The protocol was an open-label crossover study. Subjects (n = 6) participated in 3 consecutive study-arms: a) enoxaparin + ASA (1 mg/Kg s. c + 162 mg/day X 3 days), b) three escalating doses of DX-9065a (1 mg bolus + 0.25 mg/h X 2 h, followed by an additional 1 mg bolus + 0.625 mg/h X 2 h and, a final 1 mg bolus + 1.25 mg/h X 2 h), and c) the same doses of DX-9065a in Arm 2 plus ASA pre-treatment. The antithrombotic effects were assessed using the Badimon perfusion chamber at each dose level.
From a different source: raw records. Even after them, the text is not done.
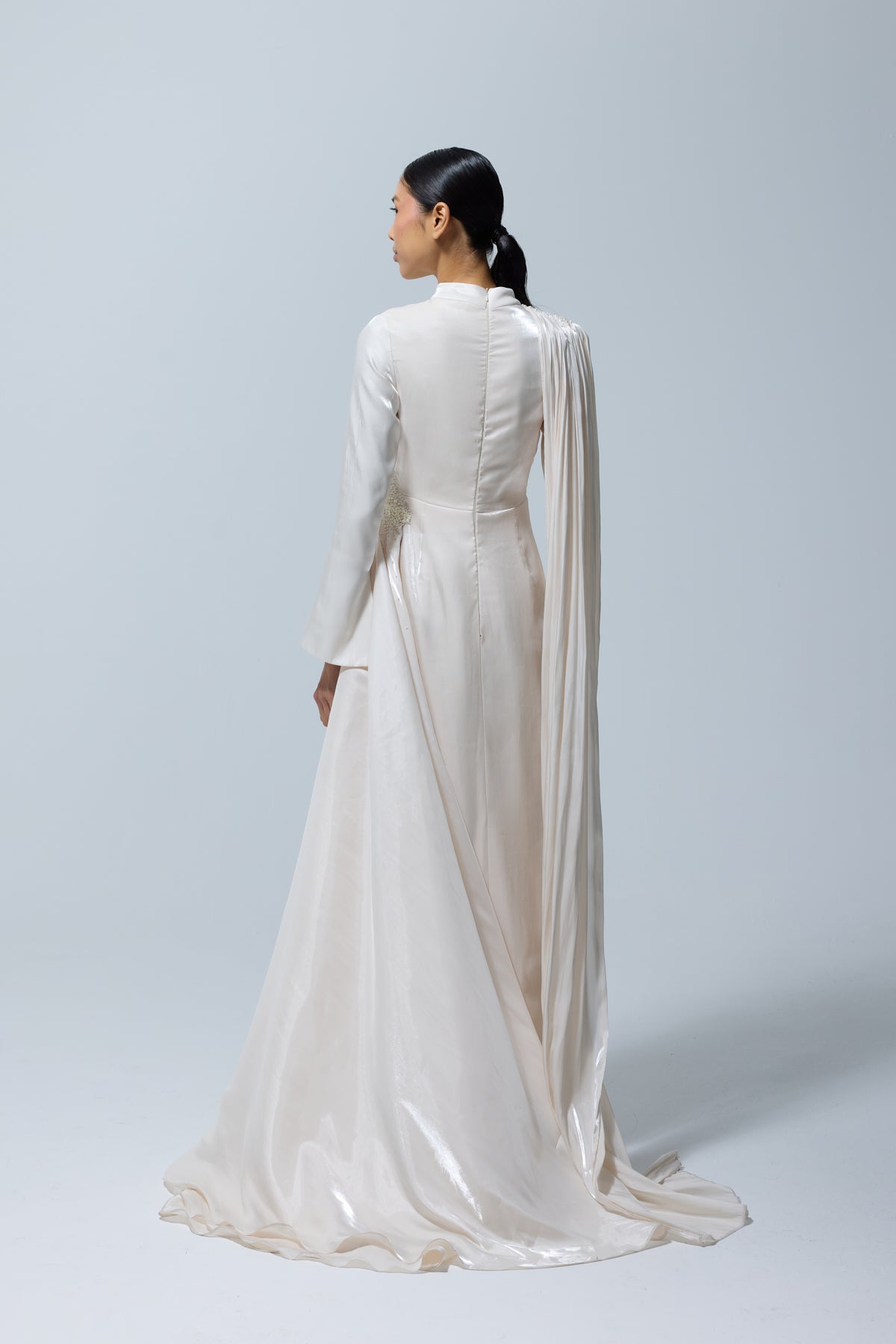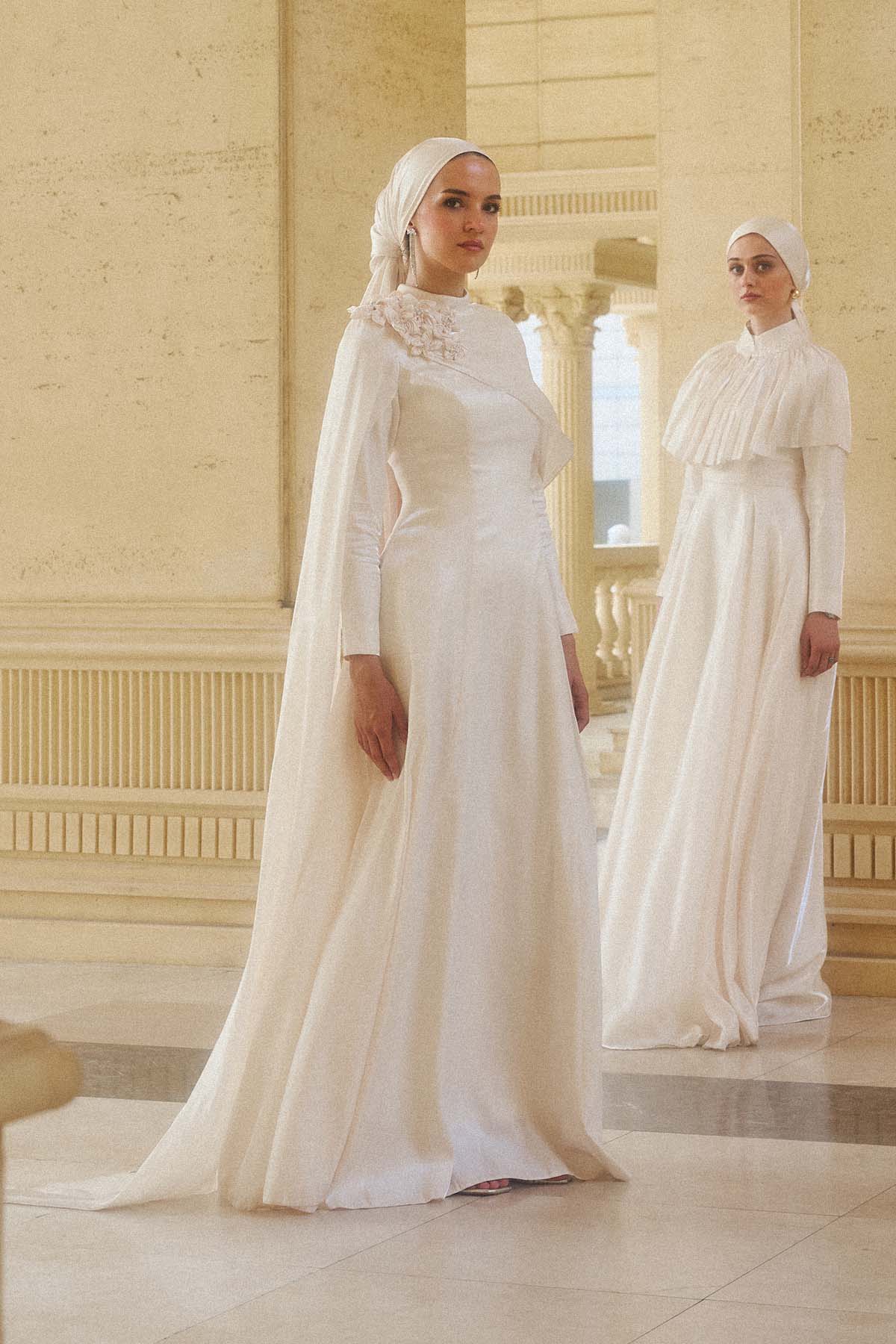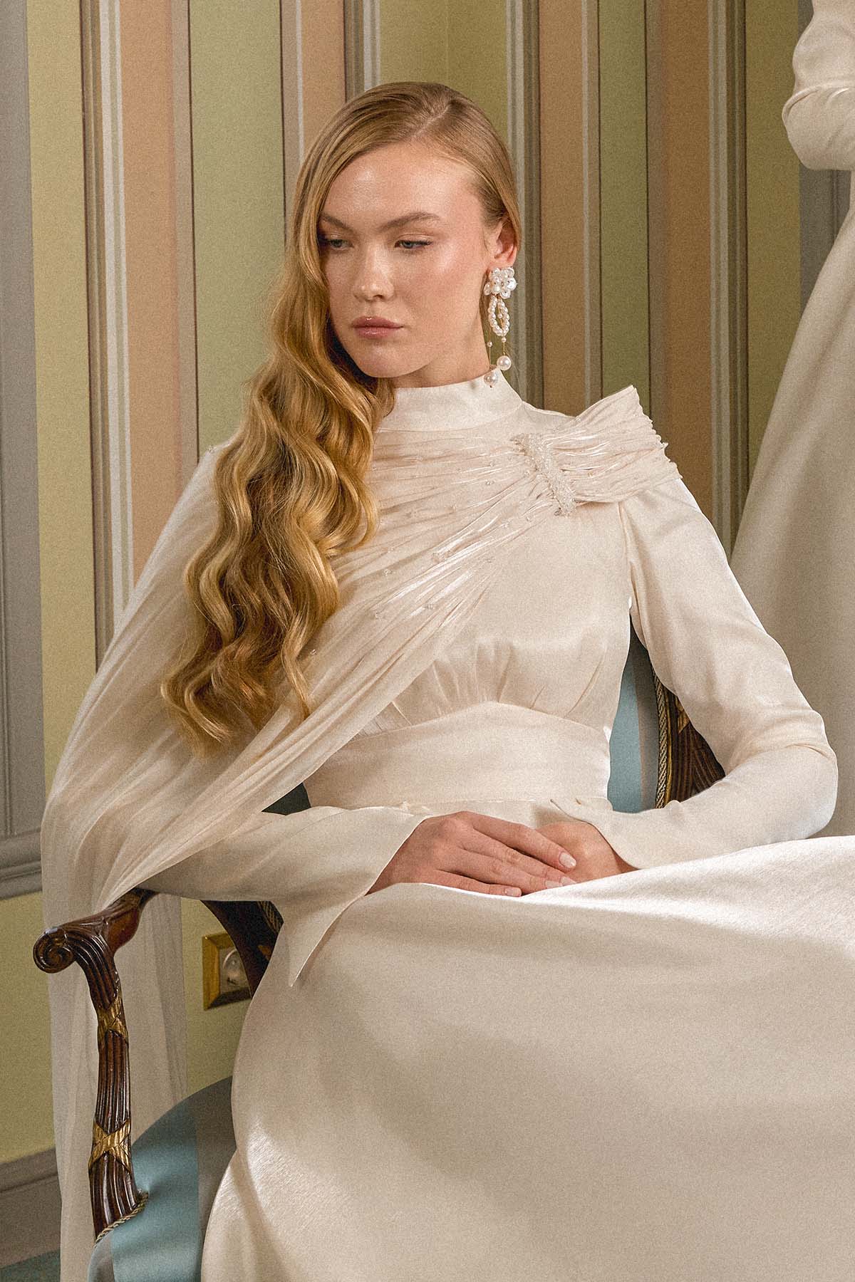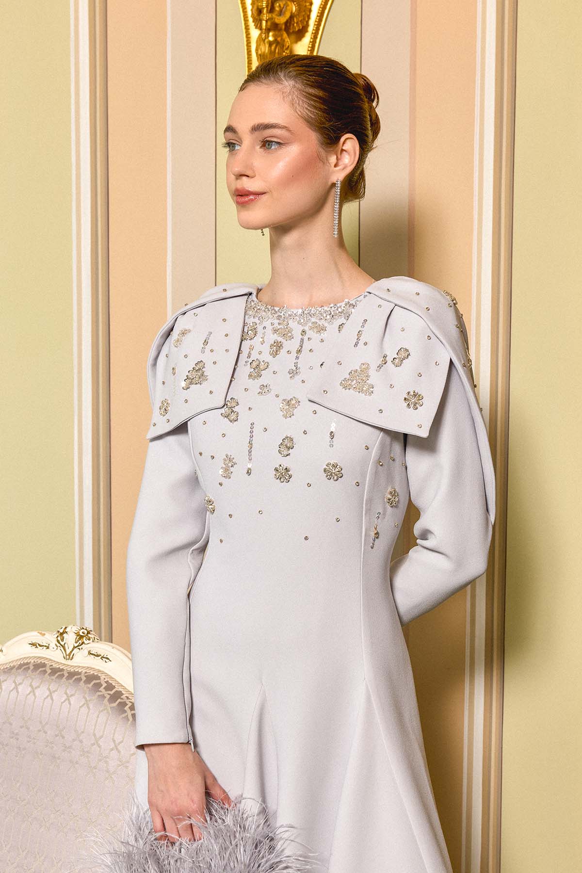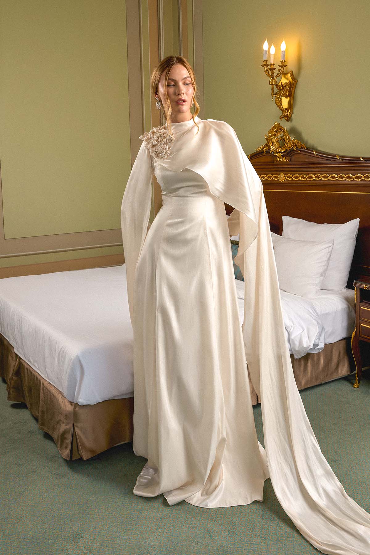 Ürün ortalama 150 cm. Ürünün arkası fermuarlıdır, astarlıdır. Özel üretilmiş ipek kumaş hazırlanmıştır. Sol omuzdan sağ omuza doğru etek ucuna inen pelerin detayı mevcuttur. Kloş etek formuna sahiptir, kuyrukludur. Kristal işlemeler el işçiliği ile tamamlanmıştır.
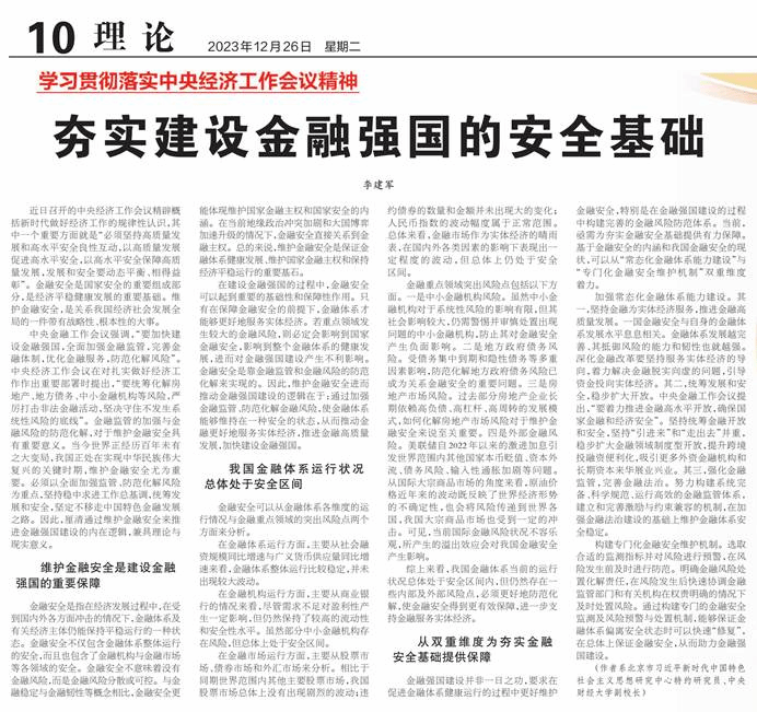 李建军教授《经济日报》理论版撰文:夯实建设金融强国的安全基础
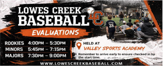 Any questions please feel free to reach out to any board member or email info@lowescreekbaseball.com
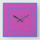 Horloge murale carré, Magenta : Points bleus clair
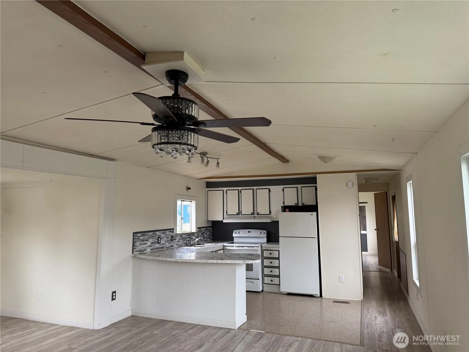 Newly remodeled manufactured home at the Timberland Park. As you approach the home you will see the new siding and TPO Roof! Entering the Kitchen and Dining Room you will feel how spacious the home is. The kitchen is inviting with a middle island for gathering and prepping meals. Living Room will be a central part of the home for entertaining. Two bedrooms and a remodeled bathroom will round out this nice manufactured home in a quiet park setting.
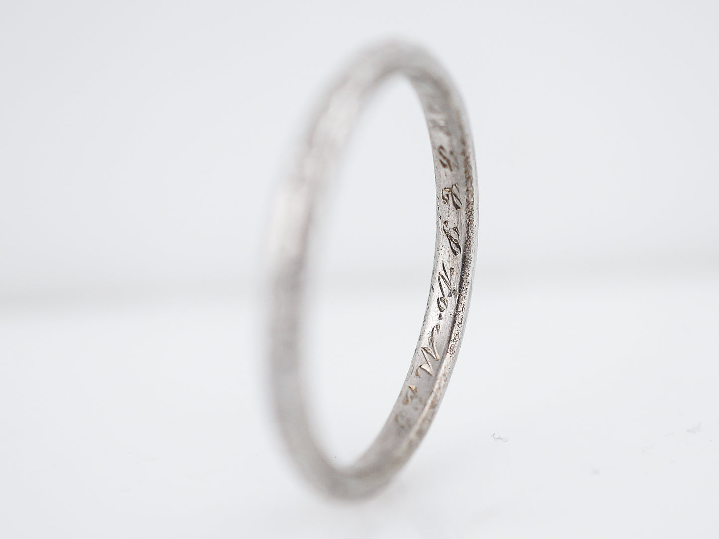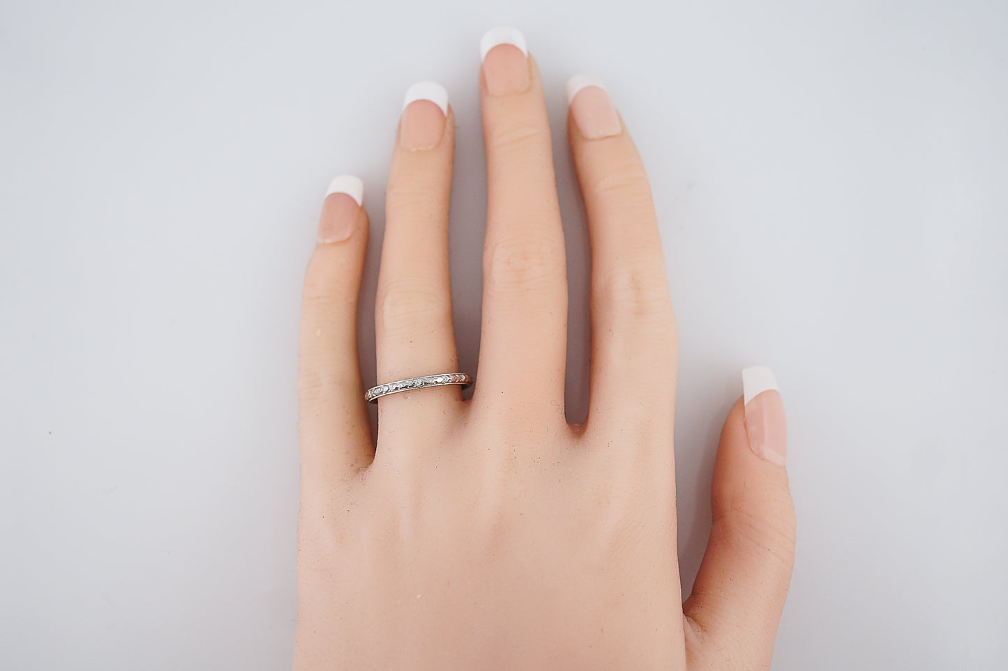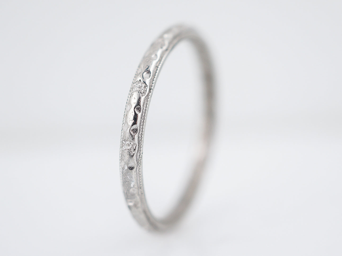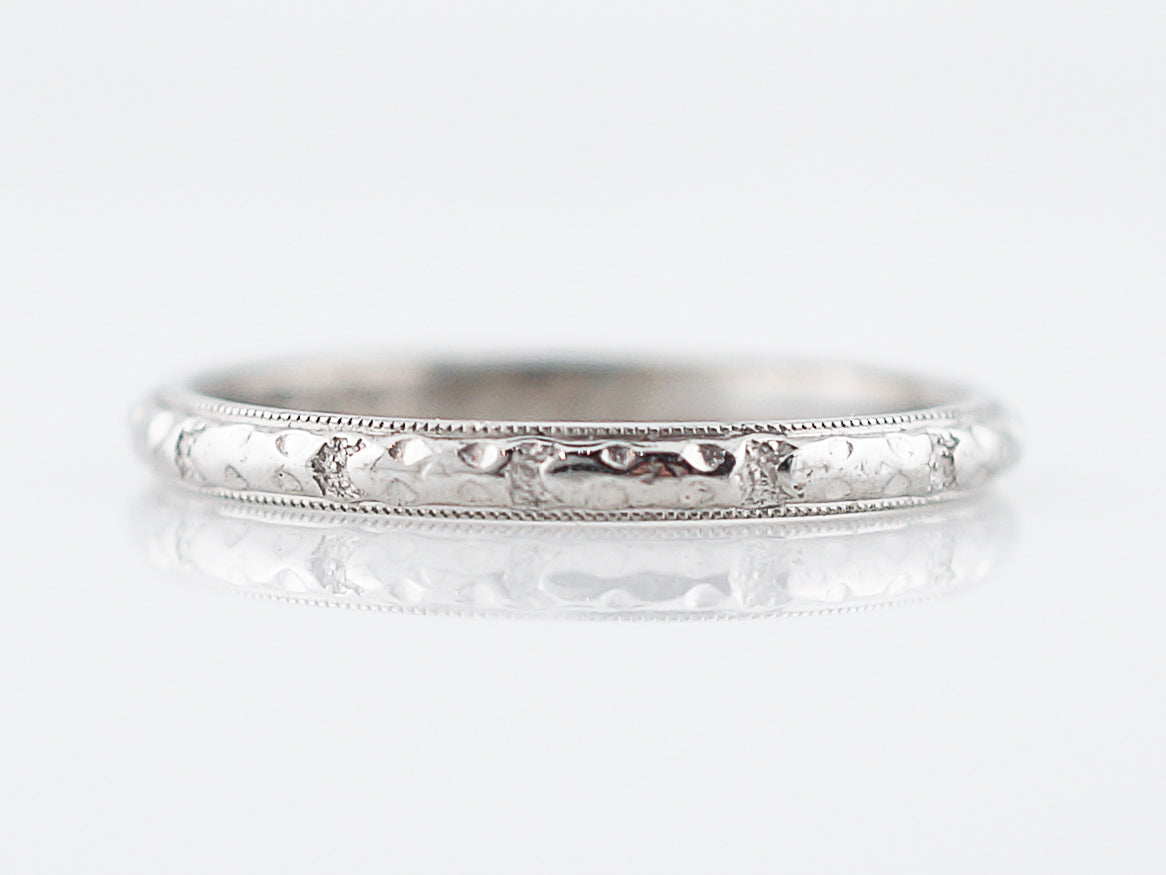 This radiant Art Deco Era wedding band features a subtle orange blossom design on a half round 18 karat white gold band. Measuring about 2.13 millimeters in width, this ring would look great as a wedding band or as one in a set of stacking bands. With a soft milgrain trim and a comfortable weight, this wedding band has a unique beauty in all the fine details.

The administration of DX-9065a whether alone or combined with ASA significantly inhibited thrombus formation at high and low shear rate conditions while enoxaparin did not have a significant effect. Furthermore, these antithrombotic effects were obtained without significant prolongations of the standard coagulation parameters as those induced by enoxaparin.

Conclusions

The direct inhibition of FXa by DX-9065a appears to be a safe and effective new approach for preventing the thrombotic complications of atherosclerotic disease. The clinical effectiveness of the direct FXa inhibitors should be further investigated.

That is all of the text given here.